Activity: Starting at the first line of the entries, extract each line up to and including the one that contains "In the case", but leave out the pictures.

====== Material to process

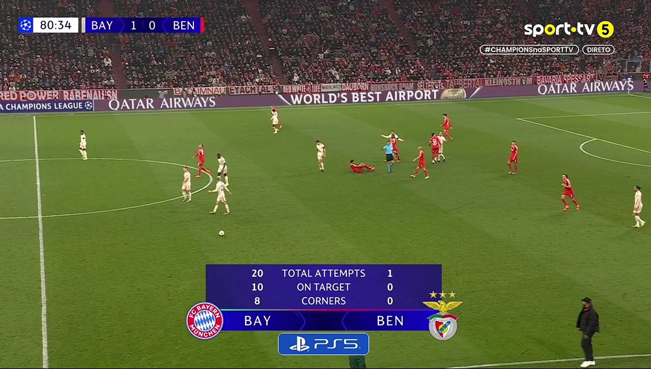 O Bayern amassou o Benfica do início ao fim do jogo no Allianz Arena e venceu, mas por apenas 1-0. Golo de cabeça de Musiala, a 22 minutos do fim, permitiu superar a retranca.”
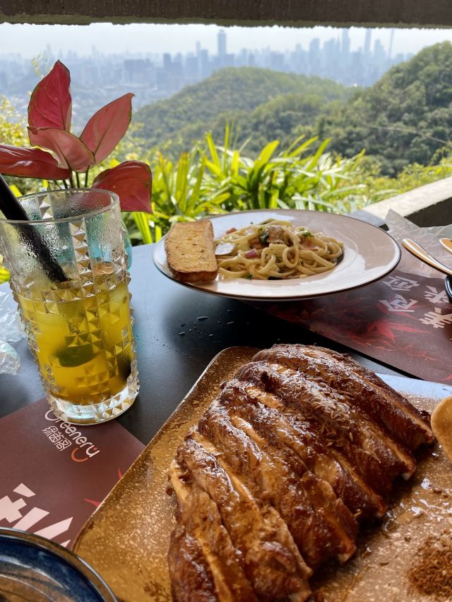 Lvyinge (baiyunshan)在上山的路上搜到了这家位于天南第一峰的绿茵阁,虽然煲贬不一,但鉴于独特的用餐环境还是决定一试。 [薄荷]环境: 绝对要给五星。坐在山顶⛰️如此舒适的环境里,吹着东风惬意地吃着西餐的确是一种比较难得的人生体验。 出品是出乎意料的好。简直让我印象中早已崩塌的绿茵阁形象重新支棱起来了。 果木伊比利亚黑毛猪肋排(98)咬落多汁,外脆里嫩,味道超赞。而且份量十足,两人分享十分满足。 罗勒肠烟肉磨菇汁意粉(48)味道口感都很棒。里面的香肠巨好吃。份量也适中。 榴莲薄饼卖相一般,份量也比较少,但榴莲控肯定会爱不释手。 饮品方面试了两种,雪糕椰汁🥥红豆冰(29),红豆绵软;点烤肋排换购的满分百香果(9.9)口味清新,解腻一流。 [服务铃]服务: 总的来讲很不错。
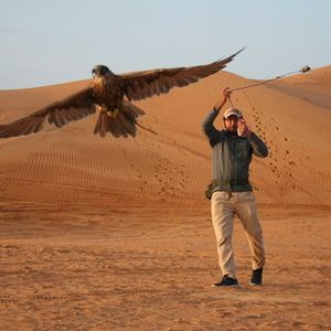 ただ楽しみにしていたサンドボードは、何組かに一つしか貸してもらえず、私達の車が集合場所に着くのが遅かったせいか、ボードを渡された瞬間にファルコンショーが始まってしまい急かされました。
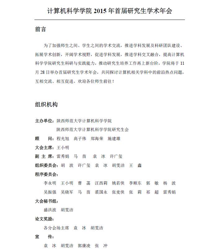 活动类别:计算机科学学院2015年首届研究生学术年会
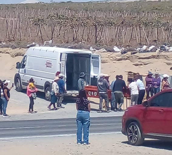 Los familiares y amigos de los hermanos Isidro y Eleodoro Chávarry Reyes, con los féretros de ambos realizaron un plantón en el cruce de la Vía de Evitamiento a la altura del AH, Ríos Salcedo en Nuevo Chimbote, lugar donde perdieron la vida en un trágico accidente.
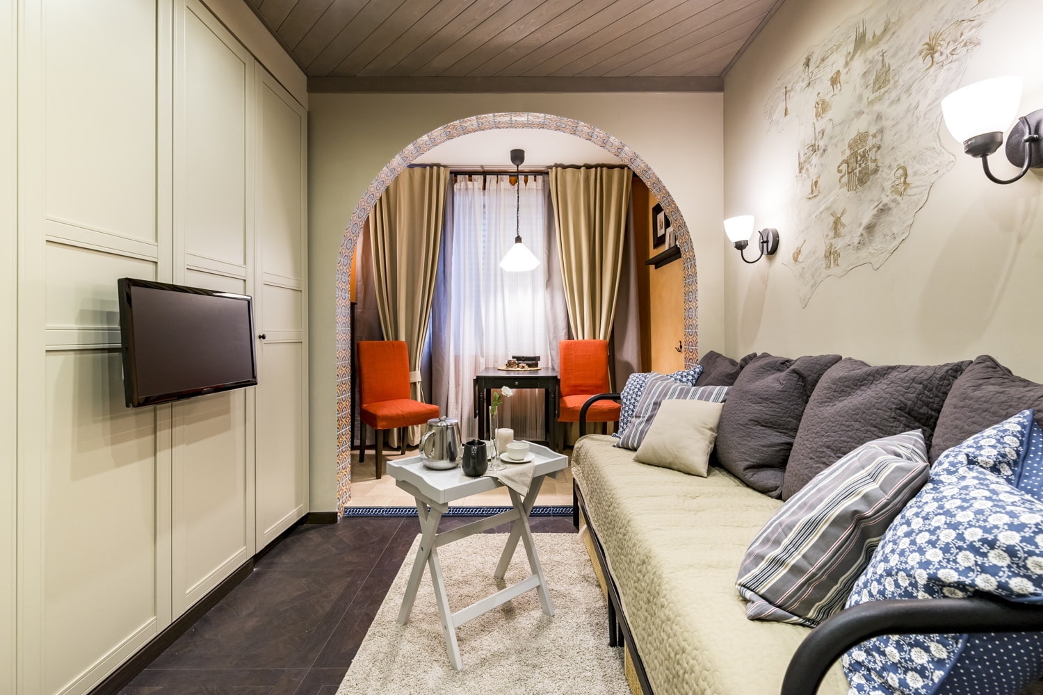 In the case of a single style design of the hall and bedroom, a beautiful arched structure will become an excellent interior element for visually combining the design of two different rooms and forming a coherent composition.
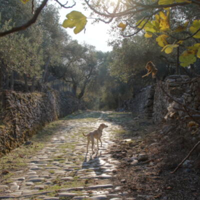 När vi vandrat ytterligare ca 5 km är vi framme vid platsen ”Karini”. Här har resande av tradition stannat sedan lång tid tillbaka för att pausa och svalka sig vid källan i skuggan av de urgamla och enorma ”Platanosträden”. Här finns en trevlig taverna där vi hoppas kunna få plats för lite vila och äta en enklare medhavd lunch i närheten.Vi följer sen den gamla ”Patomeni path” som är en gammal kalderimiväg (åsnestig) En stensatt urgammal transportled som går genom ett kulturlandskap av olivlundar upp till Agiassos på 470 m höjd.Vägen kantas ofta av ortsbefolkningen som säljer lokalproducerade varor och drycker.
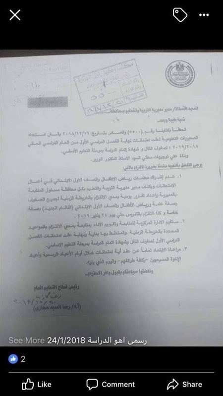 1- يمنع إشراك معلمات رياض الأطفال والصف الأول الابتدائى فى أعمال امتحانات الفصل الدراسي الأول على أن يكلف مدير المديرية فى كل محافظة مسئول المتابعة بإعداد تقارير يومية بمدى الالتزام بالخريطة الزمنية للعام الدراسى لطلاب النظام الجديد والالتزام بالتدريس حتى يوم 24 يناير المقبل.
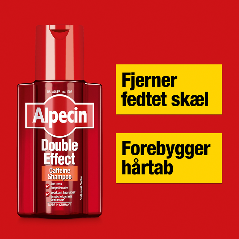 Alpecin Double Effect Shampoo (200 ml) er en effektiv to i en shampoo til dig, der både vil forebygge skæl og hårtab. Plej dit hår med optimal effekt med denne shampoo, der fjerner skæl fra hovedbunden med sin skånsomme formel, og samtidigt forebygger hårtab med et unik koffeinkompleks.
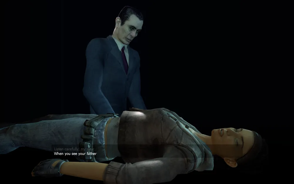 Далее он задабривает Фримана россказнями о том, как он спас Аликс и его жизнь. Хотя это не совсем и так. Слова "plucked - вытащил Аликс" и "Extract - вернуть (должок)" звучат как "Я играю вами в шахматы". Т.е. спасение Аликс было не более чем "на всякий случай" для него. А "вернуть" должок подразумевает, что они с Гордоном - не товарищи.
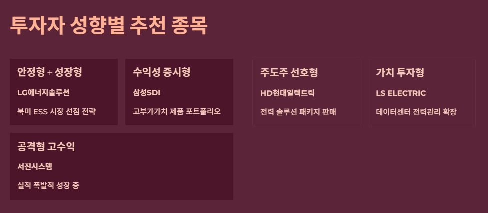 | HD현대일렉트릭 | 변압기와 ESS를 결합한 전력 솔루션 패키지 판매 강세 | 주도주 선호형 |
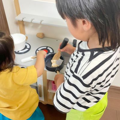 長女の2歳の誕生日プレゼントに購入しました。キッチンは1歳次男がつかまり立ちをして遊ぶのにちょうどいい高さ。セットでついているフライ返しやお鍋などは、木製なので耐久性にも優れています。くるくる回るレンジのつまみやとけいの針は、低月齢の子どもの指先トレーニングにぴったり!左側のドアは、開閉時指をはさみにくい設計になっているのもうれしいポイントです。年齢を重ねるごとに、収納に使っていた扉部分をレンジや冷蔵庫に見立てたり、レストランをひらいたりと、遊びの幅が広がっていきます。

============

Problem solution:
 O Bayern amassou o Benfica do início ao fim do jogo no Allianz Arena e venceu, mas por apenas 1-0. Golo de cabeça de Musiala, a 22 minutos do fim, permitiu superar a retranca.”
 Lvyinge (baiyunshan)在上山的路上搜到了这家位于天南第一峰的绿茵阁,虽然煲贬不一,但鉴于独特的用餐环境还是决定一试。 [薄荷]环境: 绝对要给五星。坐在山顶⛰️如此舒适的环境里,吹着东风惬意地吃着西餐的确是一种比较难得的人生体验。 出品是出乎意料的好。简直让我印象中早已崩塌的绿茵阁形象重新支棱起来了。 果木伊比利亚黑毛猪肋排(98)咬落多汁,外脆里嫩,味道超赞。而且份量十足,两人分享十分满足。 罗勒肠烟肉磨菇汁意粉(48)味道口感都很棒。里面的香肠巨好吃。份量也适中。 榴莲薄饼卖相一般,份量也比较少,但榴莲控肯定会爱不释手。 饮品方面试了两种,雪糕椰汁🥥红豆冰(29),红豆绵软;点烤肋排换购的满分百香果(9.9)口味清新,解腻一流。 [服务铃]服务: 总的来讲很不错。
 ただ楽しみにしていたサンドボードは、何組かに一つしか貸してもらえず、私達の車が集合場所に着くのが遅かったせいか、ボードを渡された瞬間にファルコンショーが始まってしまい急かされました。
 活动类别:计算机科学学院2015年首届研究生学术年会
 Los familiares y amigos de los hermanos Isidro y Eleodoro Chávarry Reyes, con los féretros de ambos realizaron un plantón en el cruce de la Vía de Evitamiento a la altura del AH, Ríos Salcedo en Nuevo Chimbote, lugar donde perdieron la vida en un trágico accidente.
 In the case of a single style design of the hall and bedroom, a beautiful arched structure will become an excellent interior element for visually combining the design of two different rooms and forming a coherent composition.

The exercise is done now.